<<<<

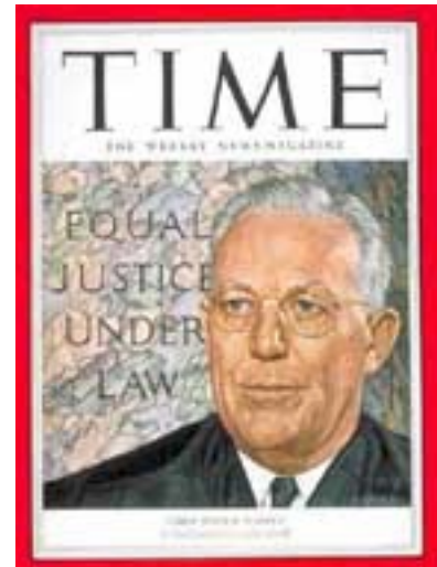
Earl Warren: another hero to the liberals.
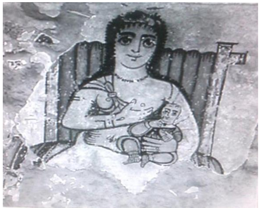
Figure 3- Water colour of mural of Isis, from a domestic structure at Karanis House B 50 Kelsey Museum of Archaeology, KM 2003.2.2.
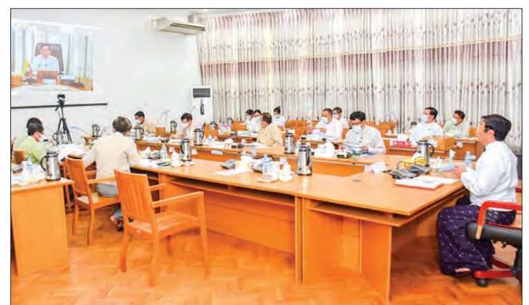
MoALI organizes first policy online meeting on Nutrition Sector Reform Contract on 27 October.

the Department of Planning presented the implementation of the NSRC programme linking the Myanmar Agricultural Development Strategy (ADS) with the Multi-Sectoral National Nutrition Plan (MS-NPAN), the Deputy Director for the Department of Planning briefed on the conditions for meeting the requirements in implementing the NSRC's programmes in 2020-2021 financial year and the attendees suggested the best ways to implement the NSRC.—MNA (Translated by Ei Phyu Phyu Aung)
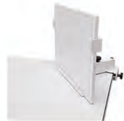
Lateral cassette holder
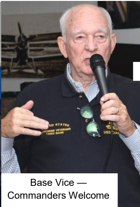
Base Vice — Commanders Welcome
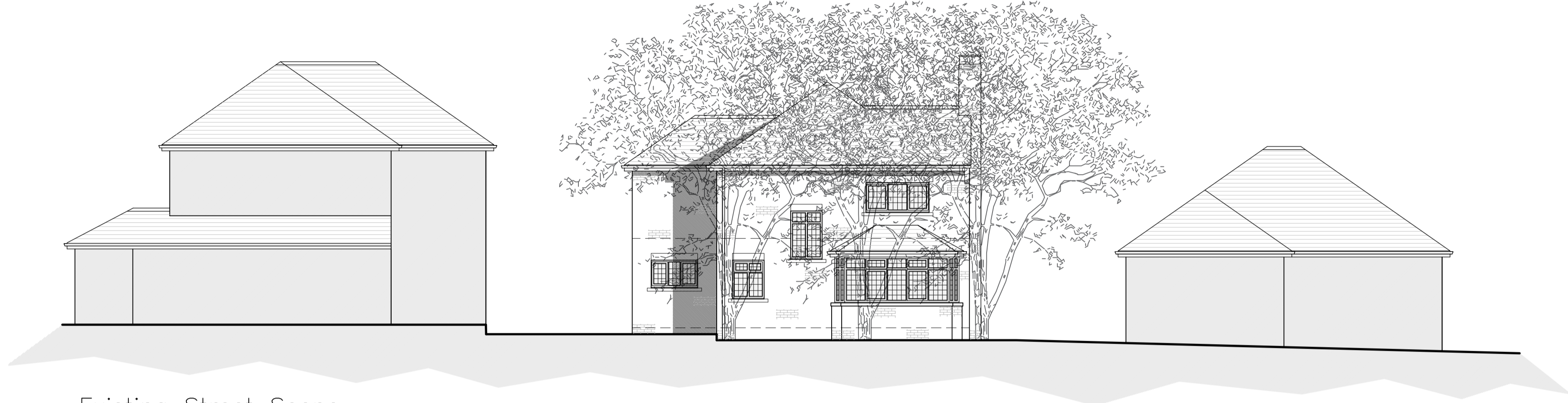
Existing Street Scene Scale 1:100

NOTES No dimensions to be scaled. IF IN DOUBT ASK. All dimensions must be checked and verified on site by the Contractor prior to the commencement of works and Hinchliffe Architecture & Design Ltd. to be notified of any discrepancies. The copyright of these drawings remains the property of Hinchliffe Architecture & Design Ltd. They must not be reproduced in any way without prior written consent from the originator (Hinchliffe Architecture & Design Ltd.)
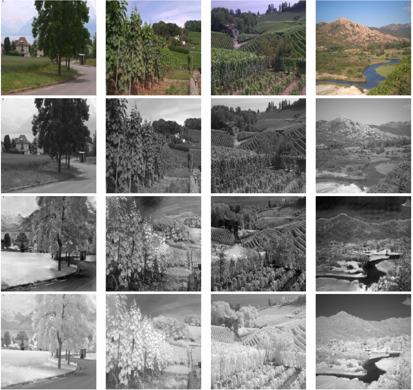
Figure 2. Illustration of NIR images obtained by the proposed CycleGAN, which are later on used to estimate the corresponding NDVI indexes. (1st.row) RGB images. (2nd.row) Gray scale image used as input into the CycleGAN. (3rd.row) Estimated NIR images. (4th.row) Ground truth NIR images. Images from [3], country , field and mountain categories.
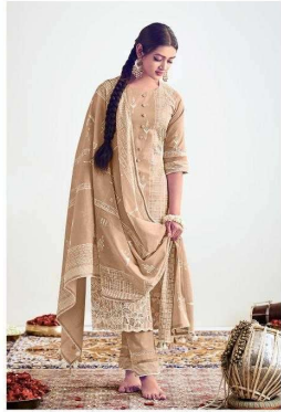
LOOK | 8924
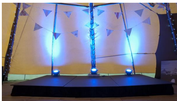
12' x 8' Staging
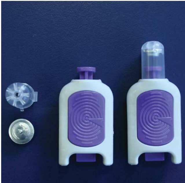
VersiDoser delivery device with blister

production line; the sealed blisters containing the drug formulation are then separated and loaded into an injection molded, single-use, disposable delivery device (see photo above). The product remains sterile until dispensed and comes into primary contact with only the laminate and the micropump, both of which are composed of USP class materials.
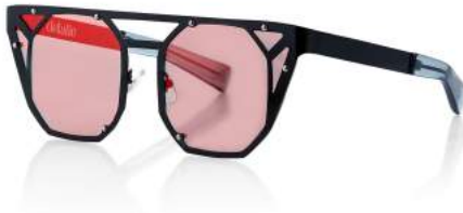
DH.C1.RD MYSTIC RED MATERIAL: BLACK STAINLESS STEEL SATIN GLOSS LENS: FLAT RED MIRROR 100% UV PROTECTION AR COATED
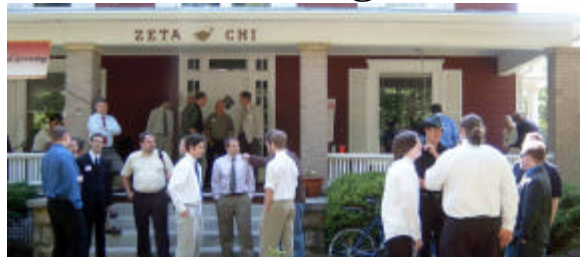
Taken Stag 2006

ZX Building Fund was started during the 100-year celebration and continues to have an impact. Significant gifts for the improvements of the house have given our actives a higher standard of living and attracted new members. Some of the improvements were:

>>>>

**WORK INSTRUCTIONS**
Lines wanted from the entries above: the one with "Lateral cassette holder", the one with "Taken Stag 2006", and all lines between. Please copy them exactly, without the pictures and without anything else.

**RESPONSE**
Lateral cassette holder
Base Vice — Commanders Welcome
Existing Street Scene Scale 1:100

NOTES No dimensions to be scaled. IF IN DOUBT ASK. All dimensions must be checked and verified on site by the Contractor prior to the commencement of works and Hinchliffe Architecture & Design Ltd. to be notified of any discrepancies. The copyright of these drawings remains the property of Hinchliffe Architecture & Design Ltd. They must not be reproduced in any way without prior written consent from the originator (Hinchliffe Architecture & Design Ltd.)
Figure 2. Illustration of NIR images obtained by the proposed CycleGAN, which are later on used to estimate the corresponding NDVI indexes. (1st.row) RGB images. (2nd.row) Gray scale image used as input into the CycleGAN. (3rd.row) Estimated NIR images. (4th.row) Ground truth NIR images. Images from [3], country , field and mountain categories.
LOOK | 8924
12' x 8' Staging
VersiDoser delivery device with blister

production line; the sealed blisters containing the drug formulation are then separated and loaded into an injection molded, single-use, disposable delivery device (see photo above). The product remains sterile until dispensed and comes into primary contact with only the laminate and the micropump, both of which are composed of USP class materials.
DH.C1.RD MYSTIC RED MATERIAL: BLACK STAINLESS STEEL SATIN GLOSS LENS: FLAT RED MIRROR 100% UV PROTECTION AR COATED
Taken Stag 2006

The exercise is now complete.